■ **YOUR ASSIGNMENT**:
Transcribe the whole listing exactly; the images stay out.

■ **DATASET CONTENT**:
★ ★ ★

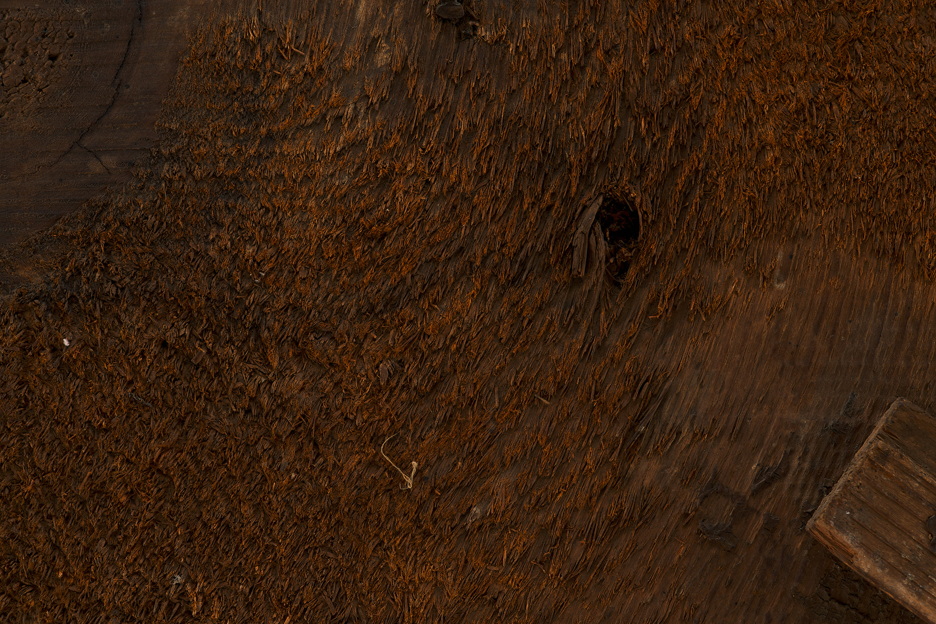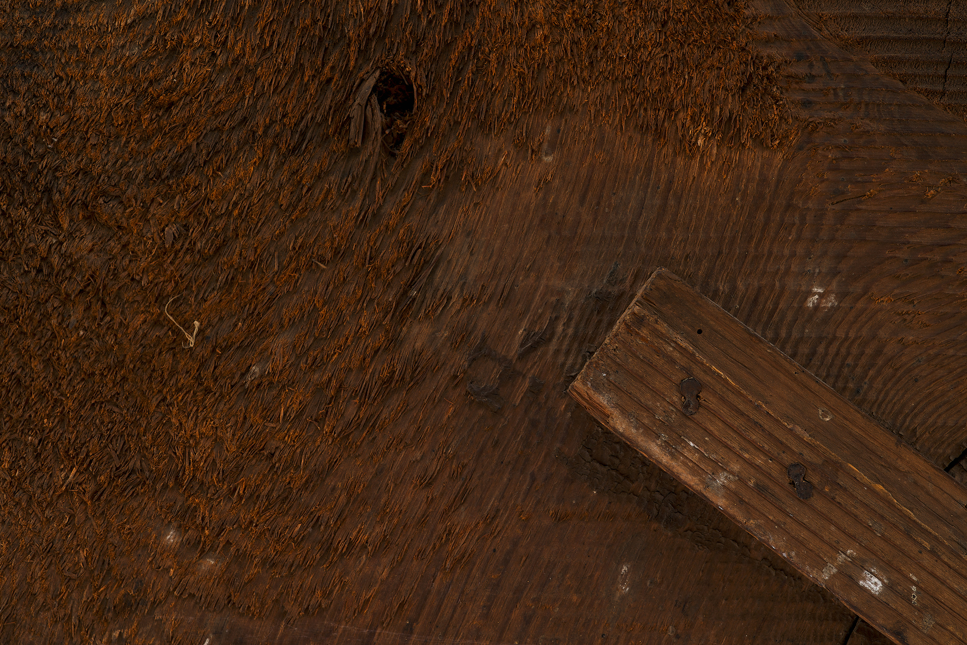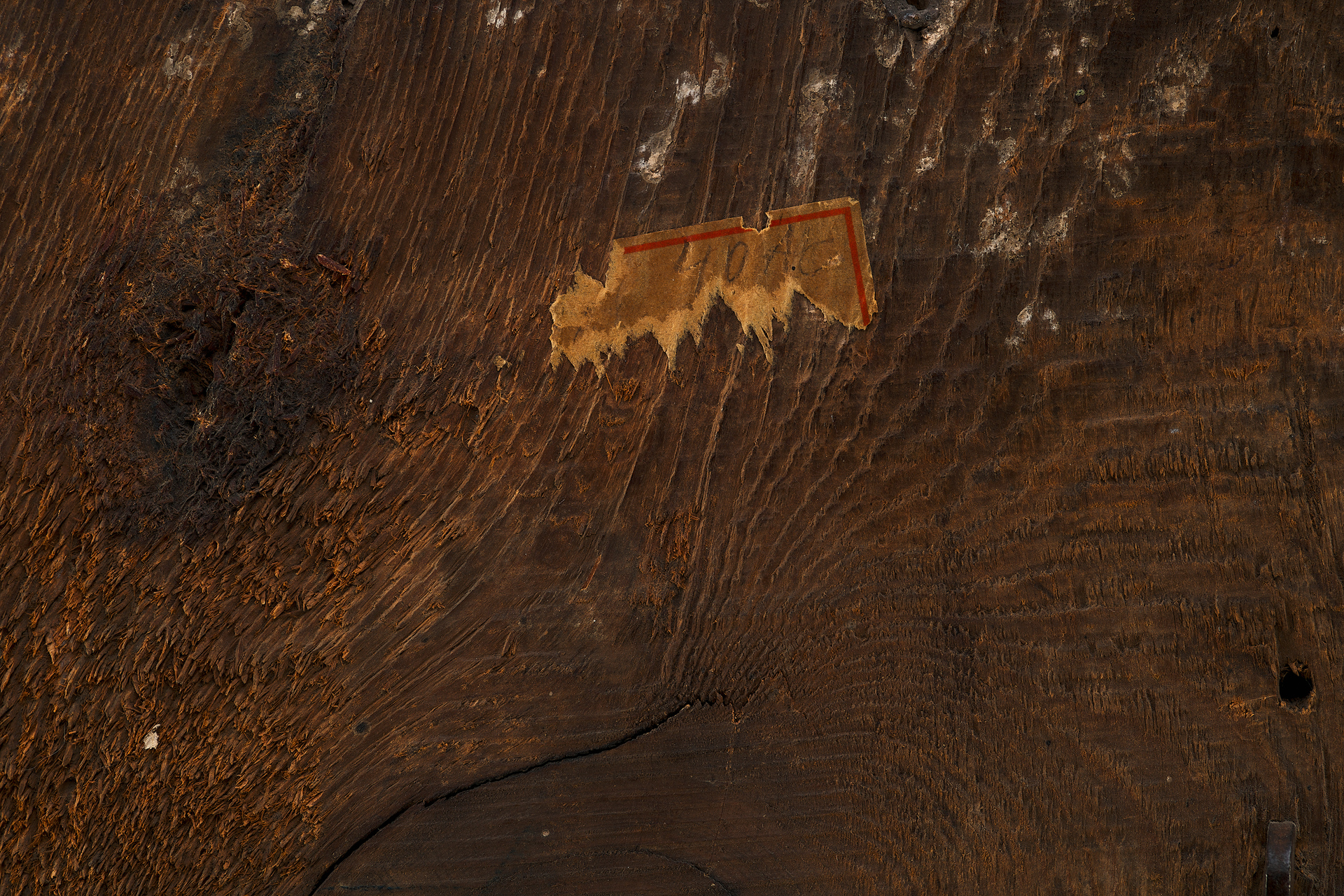 Центром рельефа служит лицевая часть Спасителя, изображённая с открытыми глазами, терновым венцом и кровоточащими следами на челе. Полотно, на котором запечатлён лик, обрамлено складками, тщательно переданными в древесной резьбе. Над убрусом помещена царская корона, что придаёт образу торжественность и подчёркивает божественное достоинство Христа. Всё произведение выполнено из дерева с применением резьбы и полихромной покраски, в том числе золочения, характерного для декоративного убранства религиозных предметов.
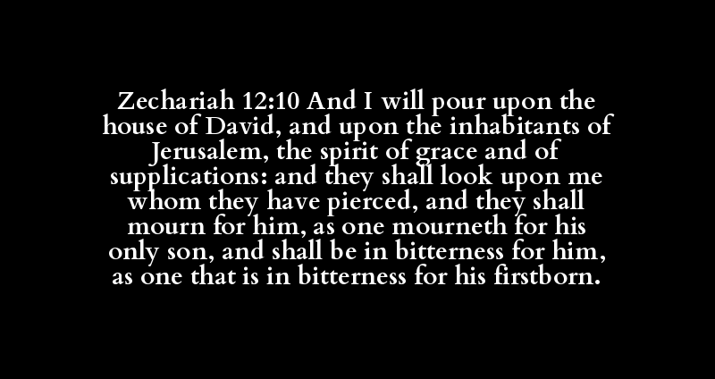 Zechariah 12:10 And I will pour upon the house of David, and upon the inhabitants of Jerusalem, the spirit of grace and of supplications: and they shall look upon me whom they have pierced, and they shall mourn for him, as one mourneth for his only son, and shall be in bitterness for him, as one that is in bitterness for his firstborn.
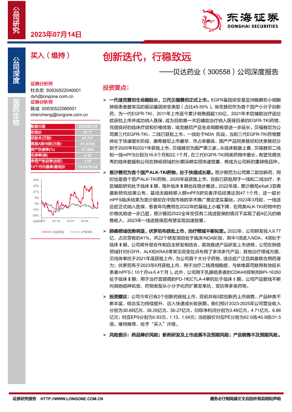 【东海证券】【20230714】创新迭代,行稳致远——贝达药业(300558)公司深度报告-43页
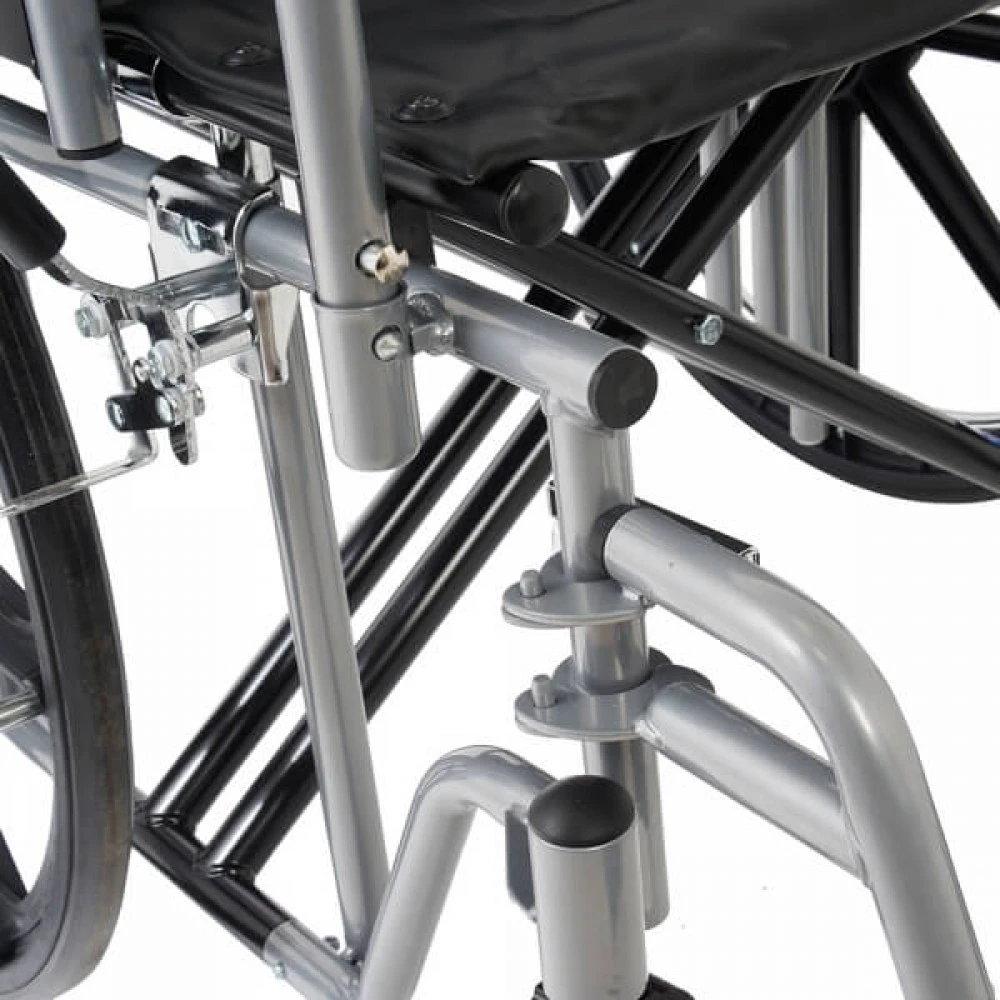 Ширина сиденья представлена в двух типоразмерах: 56 см и 61 см. Широкие передние колеса и литые шины приводных колес обеспечивают простоту эксплуатации и ухода. Форма подлокотников позволяет подъехать к столу, а возможность снимания без инструментов облегчает процесс пересаживания. Складная конструкция и съемные подножки обеспечивают компактность для транспортировки и хранения.

★ ★ ★

■ **SOLUTION FOR THIS EXERCISE**:
 Центром рельефа служит лицевая часть Спасителя, изображённая с открытыми глазами, терновым венцом и кровоточащими следами на челе. Полотно, на котором запечатлён лик, обрамлено складками, тщательно переданными в древесной резьбе. Над убрусом помещена царская корона, что придаёт образу торжественность и подчёркивает божественное достоинство Христа. Всё произведение выполнено из дерева с применением резьбы и полихромной покраски, в том числе золочения, характерного для декоративного убранства религиозных предметов.
 Zechariah 12:10 And I will pour upon the house of David, and upon the inhabitants of Jerusalem, the spirit of grace and of supplications: and they shall look upon me whom they have pierced, and they shall mourn for him, as one mourneth for his only son, and shall be in bitterness for him, as one that is in bitterness for his firstborn.
 【东海证券】【20230714】创新迭代,行稳致远——贝达药业(300558)公司深度报告-43页
 Ширина сиденья представлена в двух типоразмерах: 56 см и 61 см. Широкие передние колеса и литые шины приводных колес обеспечивают простоту эксплуатации и ухода. Форма подлокотников позволяет подъехать к столу, а возможность снимания без инструментов облегчает процесс пересаживания. Складная конструкция и съемные подножки обеспечивают компактность для транспортировки и хранения.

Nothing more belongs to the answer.